Допрос проходил натянуто. Ковалев отвечал на все мои вопросы, но ощущение было такое, что существенная часть айсберга так и остается скрытой под водой.
– Как давно Вы знакомы с Вальевой Екатериной? – спрашивала я.
– С детства, – отвечал Ковалев, – если Вы помните, мы были соседями…
– В каких Вы отношениях с Вашей бывшей соседкой? – продолжала я.
– В дружеских, – монотонно вторил себе Ковалев.
– А мне известно, что Вы питали к ней иные чувства, – настаивала я.
– Какие? – теперь уже Ковалев вопрошал ко мне.
– Вы были в нее влюблены? – уточняла я.
– Я и сейчас ее люблю, только она никогда не питала ко мне подобных чувств… Я, что называется, герой не ее романа…
– А, кто ее герой? – не унималась я.
– Не знаю, – утверждал Ковалев, а я чувствовала, что знает, но не скажет.
– А как давно Вы были знакомы с Вальевым Валерием? – продолжала я допрос, переведя его на другую фигуру.
– Со школы… Мы учились в одном классе.
– А также – вместе с Катей Вальевой, в девичестве – Ивановой?
– Да, – спокойно соглашался мой свидетель.
– Валерию она тоже нравилась? Уже тогда, в школе? – ворошила я это любовное белье.
– Она многим нравилась, – отвечал обобщенно Ковалев.
– Кажется, я назвала конкретную личность, – настаивала я на своем вопросе.
– Да, он пытался ухаживать за ней, – был вынужден ответить Ковалев Игорек, как называла его моя подруга Марго.
– А что Катя? Она принимала эти ухаживания? – с нажимом задавала я свои вопросы.
– Нет, она их отклоняла.
– Почему в таком случае она, в конце концов, вышла замуж за Вальева?
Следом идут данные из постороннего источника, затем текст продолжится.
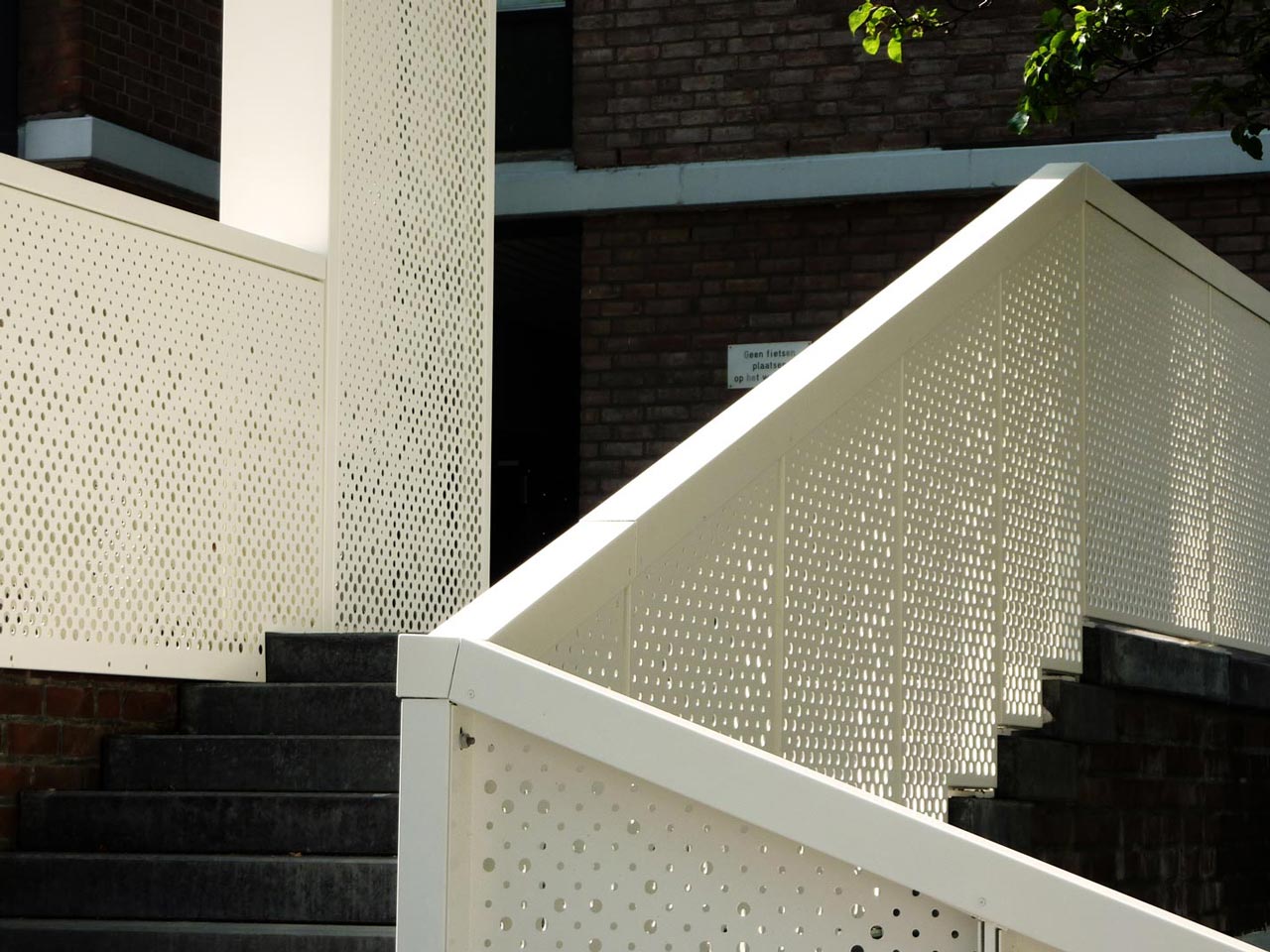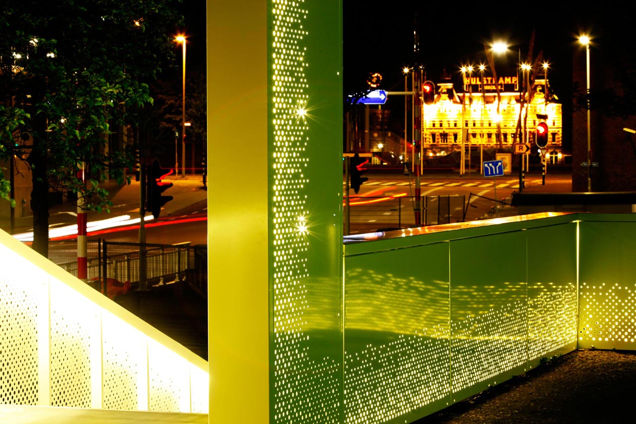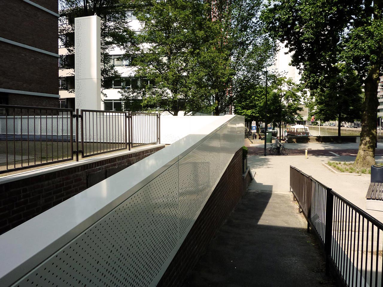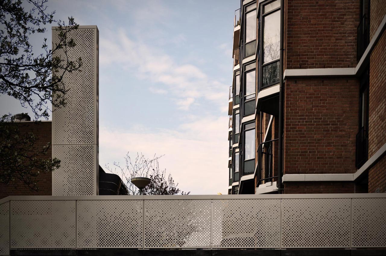 The new entrance stairs for a large housing block in the city centre of Rotterdam connects the public domain to an elevated semi private domain. We designed the new entrance with the idea of finding a balance between invitation and separation.

– Об этом лучше спросить у нее самой, – уходил от ответа мой допрашиваемый.
– А Вы как думаете? – не обращала я внимание на его советы.
Молчание и, наконец, очередное уклонение:
– Никак не думаю.
– Девушка, которую Вы любите, выходит замуж, а Вы себе не задаете вопроса, почему? Не верю! – жестко резюмирую я.
– А мы с Вами не в театре! И Вы не Станиславский! – Ковалев вскрикнул так энергично, что от неожиданности я чуть не подпрыгнула на стуле.
Кажется, я его достала своими дотошными вопросами о любви! Чего мне и требовалось. Ура! Маленькая победа. Теперь, нервничая, он будет допускать ошибки и, возможно, мне удастся подловить его на противоречиях.
Глазки Ковалева забегали, и я вспомнила, как об этих бегающих глазах с подозрением говорил мне Игорь Якименко в ночь тех злосчастных убийств и самоубийства. Самоубийства ли?
– А что Вы так занервничали? – спокойно продолжила я допрос. – Скажите, Вы ревновали Катю к Вальеву?
– Почему Вы задаете такие вопросы? – уже не только нервничал, но и злился Ковалев. – Вы что подозреваете, что Валера не покончил с собой, а я… я его убил? А Ивановы? Их тоже я прикончил?.. И Катю я ранил? Зачем?!. Зачем мне все это надо?.. Из глупой ревности?!. – он уже никак не мог взять себя в руки и его тон с каждым вопросом все более нарастал, пока голос не начал дрожать фальцетом.
Это совсем не было похоже на начало допроса. Кажется, штиль перерос в шторм. Я испугалась, как бы мой свидетель не сорвался в раж окончательно и, налив ему в стакан воды, попыталась утихомирить:
– Успокойтесь, Игорь Петрович. Я Вас ни в чем не обвиняю, но, согласитесь, ревность не такой уж безобидный мотив для убийства.
– Я никого не убивал! – опять выкрикнул Ковалев. Затем, уже несколько тише продолжил:
– Ладно, Валера… и даже Катя… Но Ивановы? Их то мне, зачем убивать?!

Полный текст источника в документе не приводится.